Friday morning call out for Withernsea RNLI

Lifeboats News Release

Withernsea's RNLI volunteers were called out just after 10am this morning to the fishing vessel Misty Blue which had suffered engine failure 4 miles south east of Withernsea.

RNLI/Antony Binns

Withernsea Lifeboat and Misty Blue back on the beach at Withernsea
Once Withernsea's inshore lifeboat, Henley Eight, had launched they located the casualty nearly 2 miles away from their last given position with help from crew within the lifeboat station who were looking on through binoculars.

Once alongside the casualty vessel, a tow was established from the lifeboat and the 45 minute journey back to Withernsea began.

Misty Blue and her crew of 2 were landed safely back at Withernsea just before 11:30am.

Volunteer crewman Steve Roebuck said: 'Today was a good example that a call can come whenever. Fishing conditions were perfect, flat calm seas, sun shining but the fishermen still found themselves in trouble.

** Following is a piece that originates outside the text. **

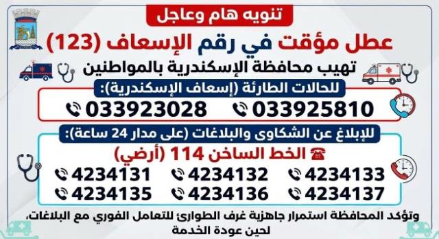 تنويه هام بشأن عطل مؤقت في الاتصال برقم الإسعاف (123)

'We train twice a week for every eventuality and today we needed our shore crew to help guide us towards the casualty vessel as they had drifted since their last given position. As a team we worked very effectively and the outcome was great.'

Key facts about the RNLI

The RNLI charity saves lives at sea. Its volunteers provide a 24-hour search and rescue service around the United Kingdom and Republic of Ireland coasts. The RNLI operates over 238 lifeboat stations in the UK and Ireland and more than 240 lifeguard units on beaches around the UK and Channel Islands. The RNLI is independent of Coastguard and government and depends on voluntary donations and legacies to maintain its rescue service. Since the RNLI was founded in 1824, its lifeboat crews and lifeguards have saved over 142,700 lives.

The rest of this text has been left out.